AP leak put Americans 'at risk,' US Attorney General says
WASHINGTON - Agence France-Presse
Attorney General Eric Holder leaves after taking questions about the Justice Department secretly obtaining two months of telephone records of reporters and editors for The Associated Press, during a news conference at the Justice Department in Washington, May 14. AP photoThe leak that prompted the seizure of journalist phone records at a US news agency was a "very serious" matter which "puts the American people at risk," Attorney General Eric Holder said May 14.
Responding to fierce criticism of a violation of news media rights, Holder said, "I've been a prosecutor since 1976. And I have to say that this is among, if not the most serious... leaks I've ever seen." "This was a... very, very serious leak," Holder told reporters at a news conference.
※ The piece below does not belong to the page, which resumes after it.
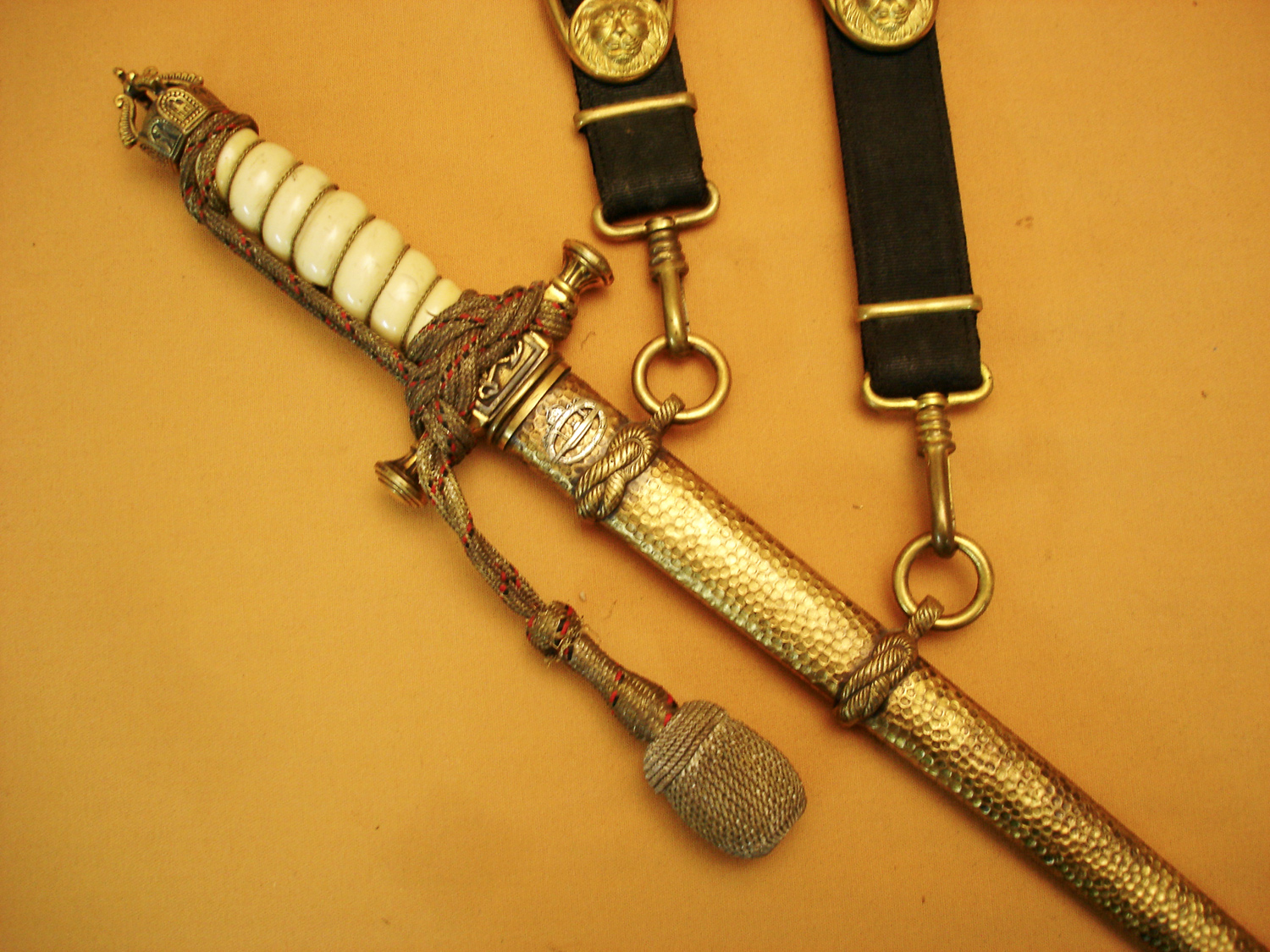 Rare dague Reichsmarine d'un officier U.Boot, fabrication Eickhorn Solingen, très belle lame gravée et dorée, fourreau martelé, bracelets au motif de cordage, petit brevet de sous marinier argent sur ...

"That's not hyperbole. Puts the American people at risk. And trying to determine who is responsible for that, I think, required very aggressive action." The comments came as the US government was facing a growing backlash after revelations that Justice Department had secretly obtained two months of phone records from the news operations of the Associated Press, believed to be linked to a probe into an article on a foiled terror plot.
The AP said its story disclosed details of a CIA operation in Yemen that stopped an Al-Qaeda plot in 2012 to detonate a bomb on an airplane bound for the United States.
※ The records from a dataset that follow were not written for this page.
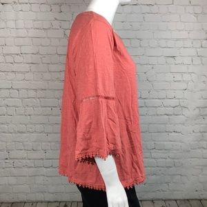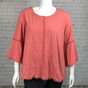 Lightweight Copper Rose Crochet Trim Bell Sleeve Top by Style & Co. Sizes 2X & 4X
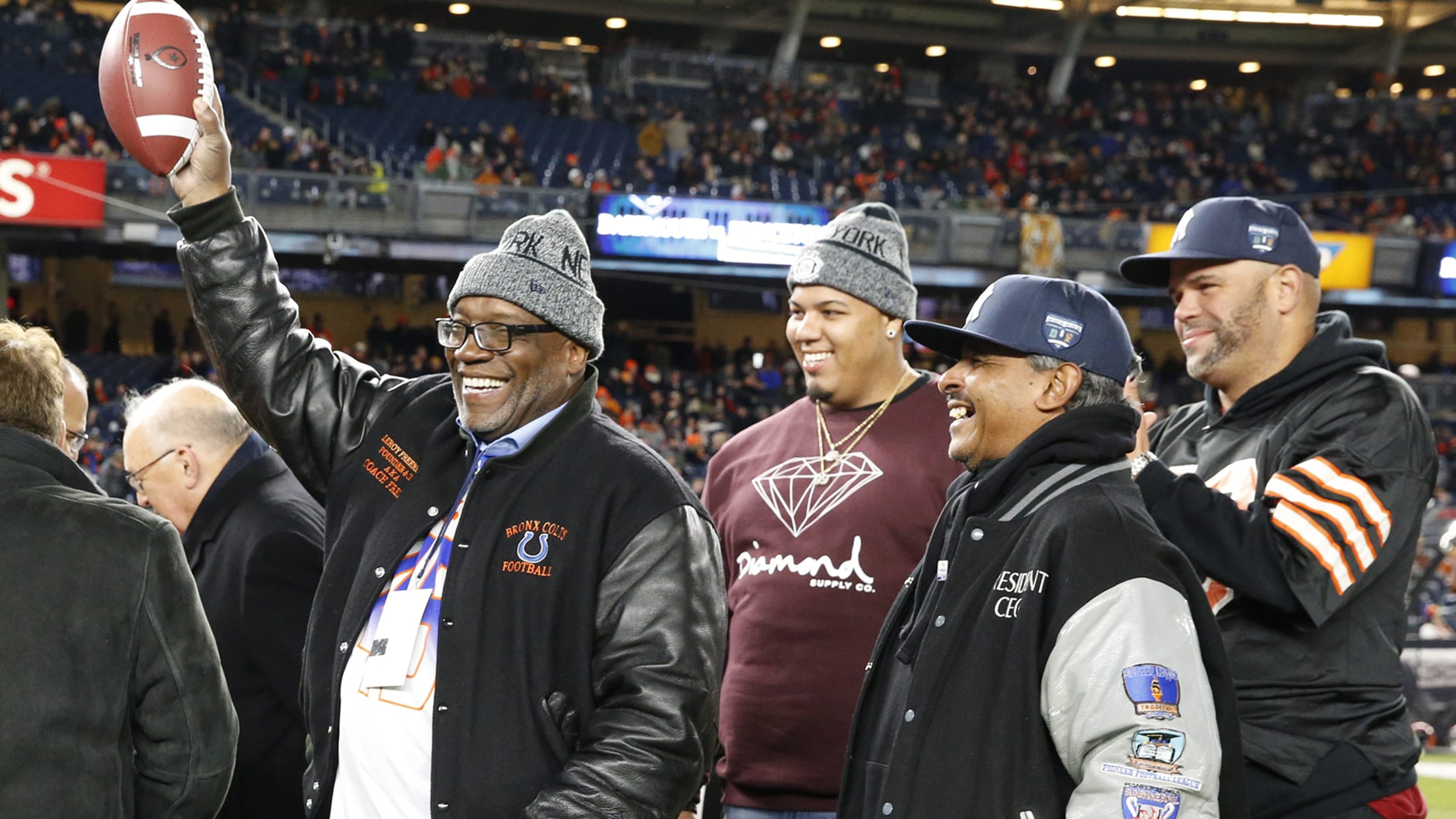 To celebrate 150 years of college football, the Pinstripe Bowl, along with the rest of Bowl Season, pledged to give a football to a member of their community to recognize their commitment to the community. The Pinstripe Bowl recognized Leroy Freeman Jr., owner of the Bronx Colts, for his leadership and contributions to youth football in the Bronx.
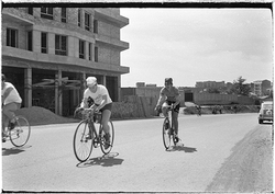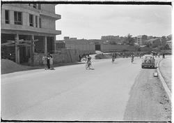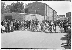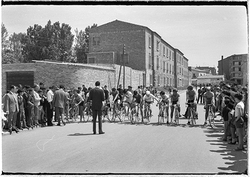 "Cursa ciclista pels carrers de Lleida, organitzada pel Col·legi Montserrat dels Germans Maristes; moment de la sortida al Carrer Bisbe Irurita; al fons el Santuari de Santa Teresina (Tereseta), i la Plaça de les Missions; a l’esquerra, inici del Carrer Pica d’Estats"
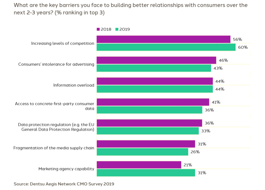 Что касается улучшения отношений с потребителями, основным барьером маркетологи считают растущую конкуренцию между компаниями — об этом вызове заявили 60% топ-менеджеров. 44% профессионалов считают, что наладить связи с аудиторией им мешает переизбыток информации, а третьим главным препятствием 43% маркетологов назвали неприятие рекламы потребителями.
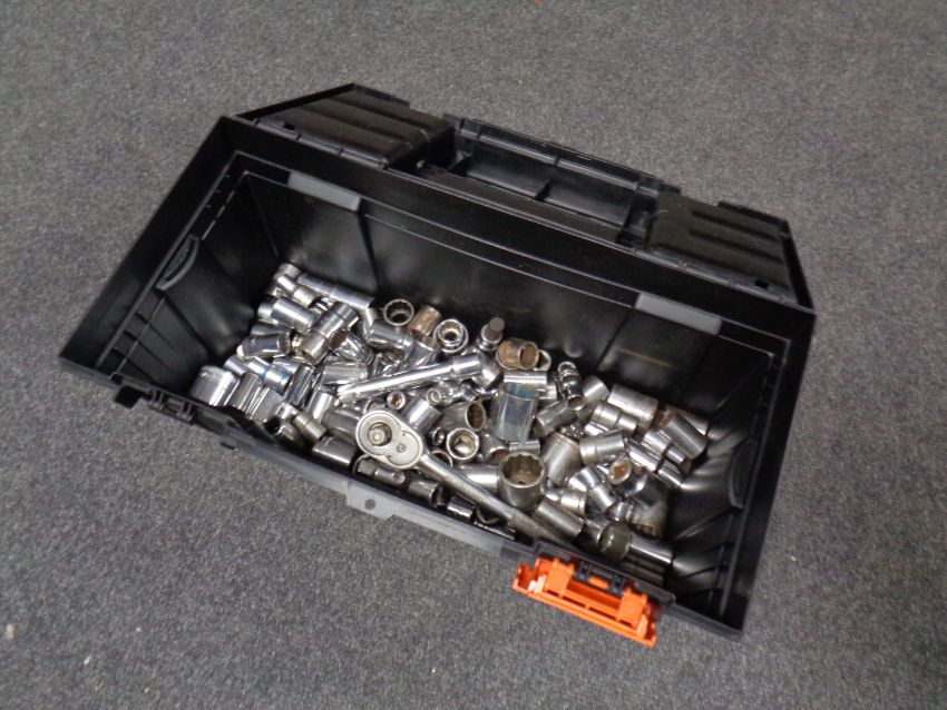 A plastic toolbox containing socket sets
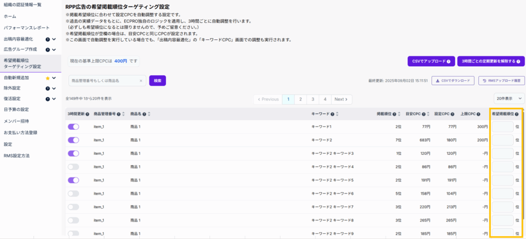 - 「3時間ごとに希望掲載順位に合わせる」ボタンをクリックする
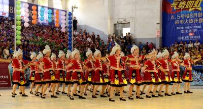 8月15日,以“文化力量.民间精彩”为主题的“黔龙阳光地产杯”来凤县摆手舞大赛经两天预赛后在县体育馆举行决赛。来自全县各乡镇、各行业的42支代表队经预赛后的17支代表队最后进行决赛。来凤是全国第一个土家族自治县,也是摆手舞的发源地。湖北省第八届少数民族传统体育运动会暨第二届来凤.中国土家摆手舞文化旅游节将于今年十月在来凤举办,并新增摆手舞比赛。该县以“摆手庆丰收”为主题,以原生态摆手舞为基础,编排了一套有利于人体身心健康、促进人体全面发展的全新摆手舞在全县普及并已向全省推广。

Holder noted that he had recused himself from the probe because he was interviewed by the FBI about unauthorized disclosures in the matter.
A Justice Department statement said that since Holder's recusal in June 2012, the investigation "has been conducted by the FBI under the direction of the US Attorney and the supervision of the deputy attorney general." "The decision to seek media toll records in this investigation was made by the deputy attorney general consistent with department regulations and policies," the statement said.
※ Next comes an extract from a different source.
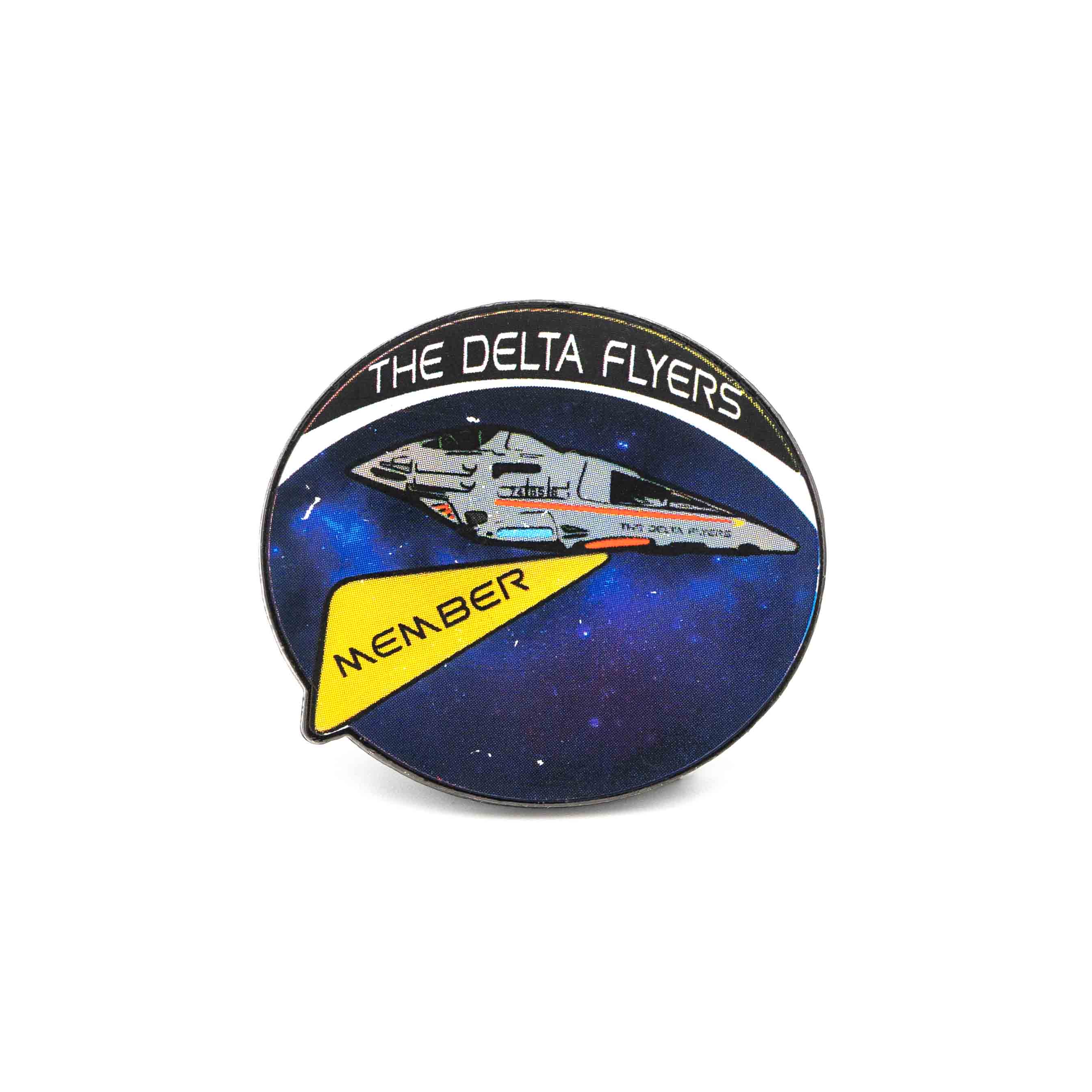 - Custom cosmic battleship lapel pin featuring vibrant UV printing, black nickel plating, and "THE DELTA FLYERS" inscription, symbolizing adventure and camaraderie.

White House not involved in decisions: Spokesman
The White House, meanwhile, sought to deflect criticism that it was targeting the news media in its war on leaks.
President Barack Obama's spokesman Jay Carney said the White House was "not involved" in the decisions to seek AP records, noting that the Justice Department operates independently.
"I can't comment on the specifics of that, but I can tell you that the president feels strongly that we need... the press to be able to be unfettered in its pursuit of investigative journalism," Carney told reporters.
"And he is also mindful of the need for secret and classified information to remain secret and classified in order to protect our national security interests." The AP protested the seizure in a letter to Holder saying "there can be no possible justification for such an overbroad collection" of phone records.
The revelation also brought a flurry of criticism of the administration for what critics called an unprecedented assault on press freedom.